Altogether there are 12!/3!/3!/3!/3!/4! = 15400 different possible groupings of 12 elements into four sets of three each. Based on some trials with 'randperm' I estimate that only about 8.5 percent of these will be such that none of the 12 pairings in them are the same as any of the 12 pairings of the above fixed level 1 grouping. This would mean that there are only roughly thirteen hundred different sets of groupings possible for each of the the remaining four levels. For the sake of this discussion let us assume that the number is exactly 1300.
Skipping over the necessary code to achieve the following, it is quite reasonable to obtain a logical array, call it L, with (about) 1300 rows and 54 columns which consists of all the above groupings which are compatible with the fixed level one grouping - that is, no element is a member of two groups.

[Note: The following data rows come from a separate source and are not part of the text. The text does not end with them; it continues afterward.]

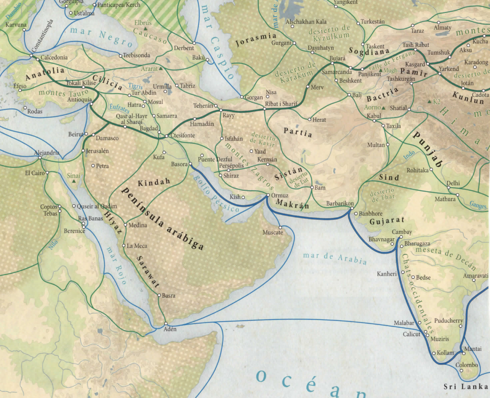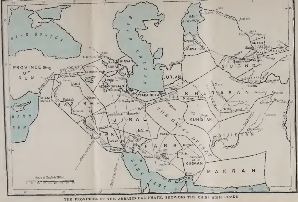 斯特兰奇的历史地理著作《东哈里发之地:从穆斯林征服到帖木儿时代的美索不达米亚、波斯和中亚》(The lands of the eastern caliphate : Mesopotamia, Persia, and Central Asia, from the Moslem conquest to the time of Timur),所附这幅历史地图很有参考价值。图中标注的地中海为“罗马海”(Bahr Rum),阿拉伯人也称地中海为“绿海”(Green Sea)。里海为“可萨海”(Bahr Khazar ),得名于当时的里海北岸的可萨王国。咸海为“花剌子模海”(Bahr Khwarizm),波斯湾为“法尔斯海”(Bahr Fars)。阿拉伯人称黑海为“Bahr Buntus”,意为“黑色的海”。该书中文译本名《大食东部历史地理研究》,2018年社会科学出版社出版,译者为韩中义,译笔典雅,译名考究,注释详实。唯书中所翻印的地图字迹模糊,逊于原书地图。
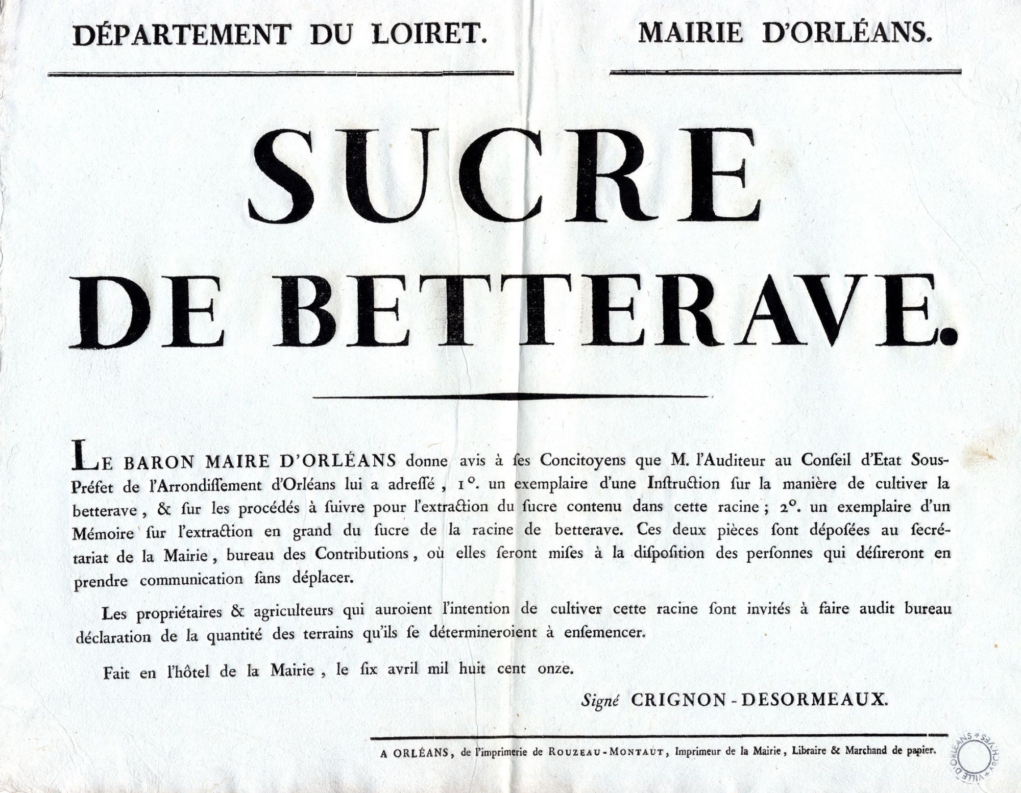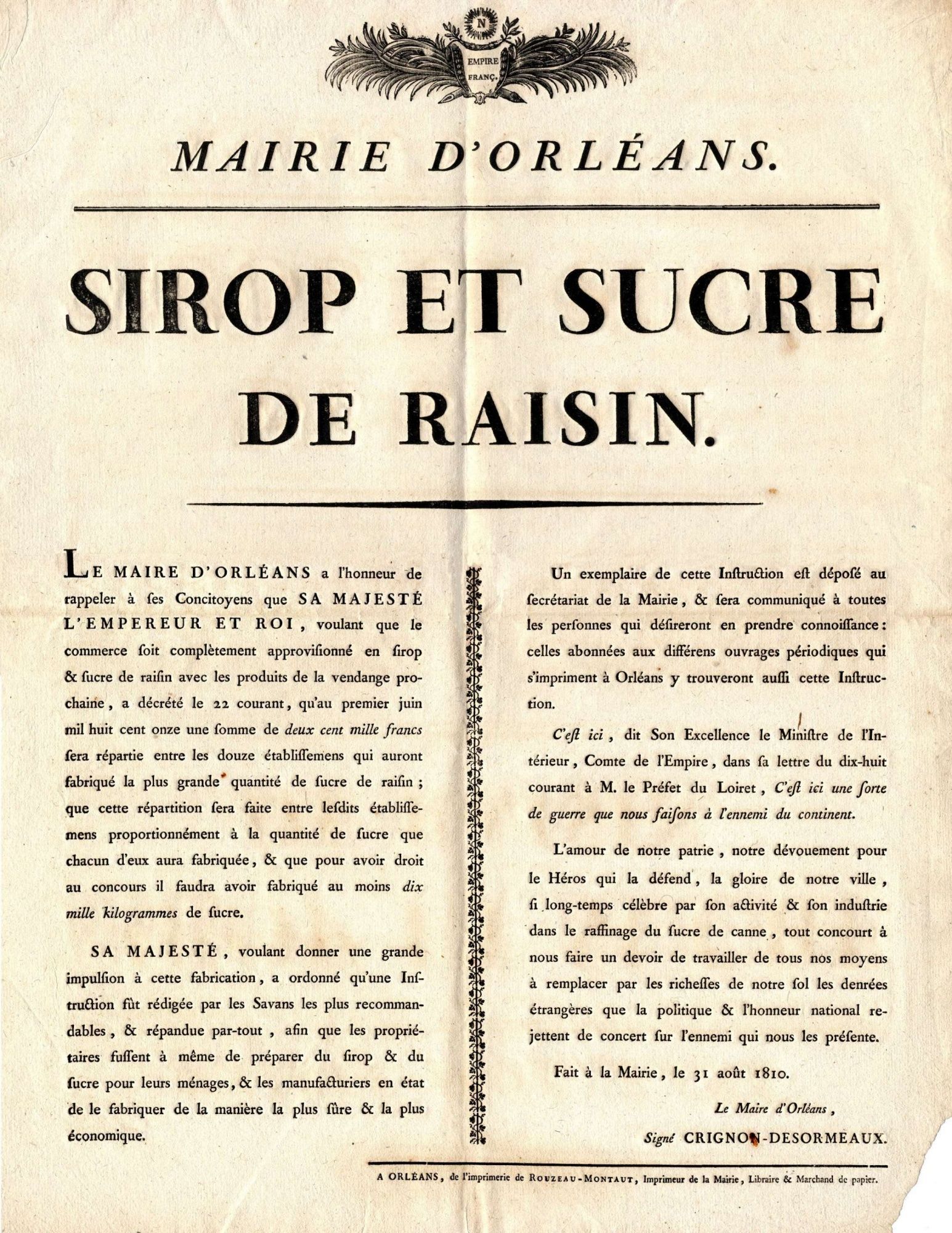 La perte des colonies et le blocus anglais provoque une baisse de l'approvisionnement en matière première. De 32 établissements en 1793, Orléans n’en compte plus que 9 en 1814. Ils connaissent d’ailleurs de grandes difficultés à survivre. Enfin, le port de Nantes est progressivement abandonné au profit de celui du Havre d'où les marchandises sont emmenées à Paris et non à Orléans. Ces difficultés touchent également les autres corps de métiers liés au sucre. Afin de faire cesser la pénurie de matière première, les autorités s'efforcent de trouver un substitut à la canne à sucre. Plusieurs végétaux cultivés en France, comme le raisin qui peut être fourni en quantité à Orléans, sont évoqués, mais c'est finalement la betterave à sucre qui va être favorisée. À cette époque, on trouve des raffineurs du nom de Rime, Crignon de Bonvalet, Allard ou Robert des Francs. Cependant, cette industrie rencontre des difficultés en raison de la concurrence des villes bordant Paris et celle des grands ports maritimes. En 1830, on dénombre 12 raffineries de sucre, contre 4 en 1840 et 1 en 1850 : la fin de cette industrie est irrémédiable.
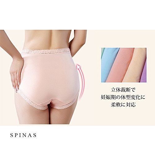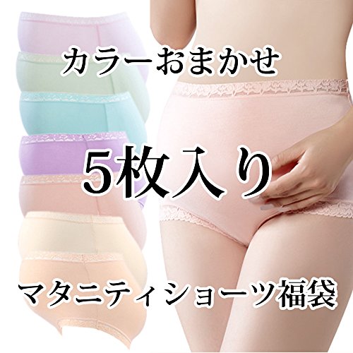 Spinas(スピナス) マタニティ ショーツ 5枚セット 福袋 淡い パステル系 カラー チョイスは おまかせ 肌に触れる部分はレース仕様 (フリー)
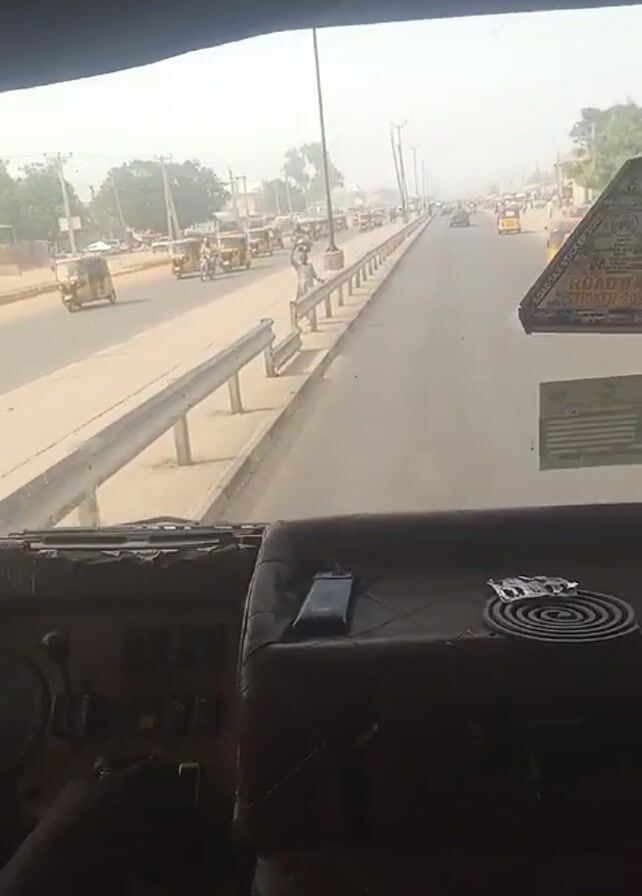 view from the cab of a large vehicle, likely a bus or truck, moving down a road in what appears to be an urban or semi-urban area
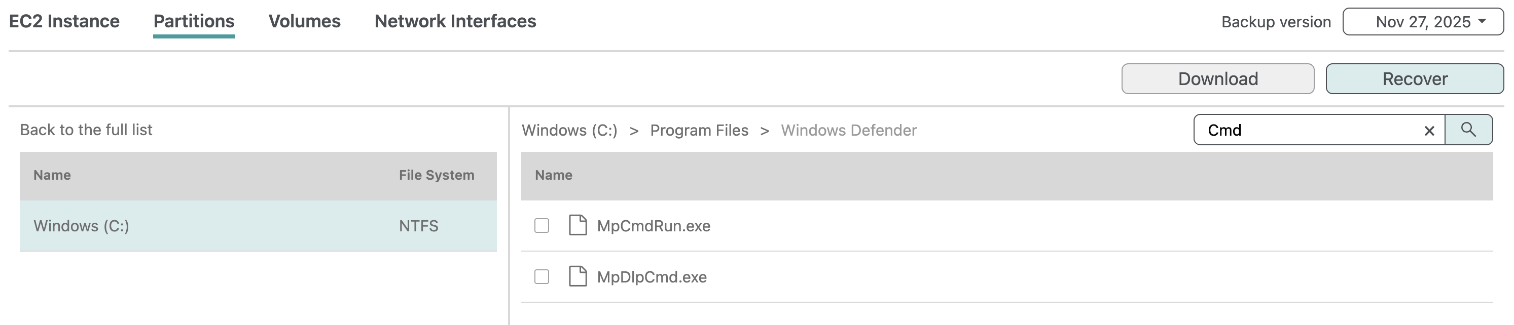 You can restore a virtual machine from a backup snapshot, creating a new instance with the same or custom configuration. If the original virtual machine still exists in AWS, it will not be affected by the recovery.

The 54 columns correspond to all the possible pairings exclusive of the 12 that occur in level 1. For each possible grouping the elements of its row should be true for the positions of the 12 pairings that occur in that grouping and false for all others.
Such a logical array can then be used to obtain all possible solutions for the four remaining level groupings using four nested for-loops.
N = size(L,1);
for k1 = 1:N-3
r1 = L(k1,:);
for k2 = k1+1:N-2
r2 = L(k2,:);
if ~any(r1&r2)
r2 = r1|r2;
for k3 = k2+1:N-1
r3 = L(k3,:);
if ~any(r2&r3)
r3 = r2|r3;
for k4 = k3+1:N
r4 = L(k4,:);
if ~any(r3&r4)
% If this point is reached, we have found a solution
% The k1,k2,k3,k4 values should be stored somewhere
end
end
end
end
end
end
end
It is this set of nested for-loops that will require the most computation time, and it will undoubtedly be an extended time. However, note that though execution will enter the second for-loop for each value of k1, it will enter the third loop for only a fraction of the k2 values, and of these only a very tiny fraction of the k3 will enter the fourth loop. It remains to be seen if any solutions at all will be found within this fourth loop. For this reason the execution time may not be as long as might be thought at first sight of this deeply nested code along with the size of N.
Whatever solutions are found can be said to be all that are possible with the understanding that, as mentioned above, all other solutions can be obtained by like permutations of the elements of all five levels of groupings and by permutations among the five levels themselves.